До тех пор, пока в России не будет разработана программа поисково-мемориальной деятельности, не определена ответственная за это государственная структура, ее штат и бюджет, мы и вправду за сто лет не завершим поиск. Только нужно ли это будет кому-либо через 100 лет?
Ну а что же с нашими памятниками-символами — воином освободителем в Трептов-парке, мемориальным комплексом в Тиргартене? Они стоят под защитой немецкого Закона. Правда, стоят не очень прочно, как кажется с первого взгляда. Могучий воин с мечом и девочкой на руке разрушается. Оседает земля, деформируются плиты, заложенные в основание монумента. Время! Пролетело несколько десятилетий, как взошел он на рукотворный холм в Берлине. И с тех пор, по существу, не реставрировался. Теперь на его ремонт, по оценкам специалистов, потребуется от 10 до 20 млн. немецких марок. У России, ко всеобщему стыду, таких денег нет. Стало быть, наша гордость, воин-освободитель на полном иждивении у немцев. Хочется верить, что в отличие от нас, они найдут нужные деньги на ремонт и реставрацию, и не дадут рухнуть нашему величайшему воинскому символу.

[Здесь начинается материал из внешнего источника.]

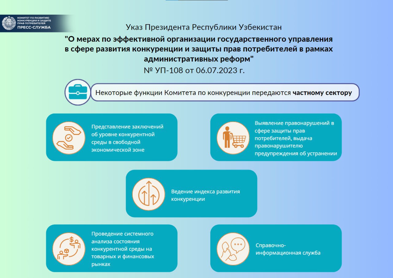 Указ Президента РУз №УП-108 «О мерах по эффективной организации государственного управления в сфере развития конкуренции и защиты прав потребителей в рамках административных реформ».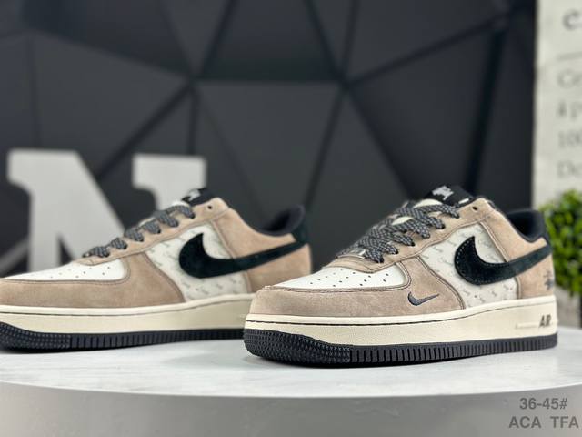 300 海外限量发售!公司级Nike Air Force 1 '07 Low “Nike联名——米灰多小勾”空军一号 低帮 运动鞋 休闲鞋 折边针车 工艺难度大

Что же до других символов, снятых с пьедесталов, то у них разная судьба. Кое-что вывезено на родину, в российские музеи, но в основном танки-пушки сданы в металлолом. Немецкие газеты время от времени писали, как мы, уходя, варварски разбивали бетонных идолов, которым покланялись много лет. То были бюсты Героев, огромные панно — «Боевой путь части», а иногда и просто безымянные статуи солдат, наподобие «девушек с веслом», только на военный манер. Делалось это, как правило, скрытно, ночами. Пресс-центр группы как мог отбивался от обвинений. Но что оставалось? Да, это безнравственно. Верю, знаю, будь у командира свободный вагон, платформа, увез бы он к новому месту дислокации и старый танк, и полусгнившую полуторку. Но не было такого вагона. И командир неизбежно вставал перед выбором: либо взять несколько бетонных плит, кубов досок и там, в голой степи они будут на вес золота, спасут от дождя и снега, либо занять это место тоннами металлолома, пусть и фронтового и очень дорогого его сердцу. Как бы в подобной ситуации поступили вы?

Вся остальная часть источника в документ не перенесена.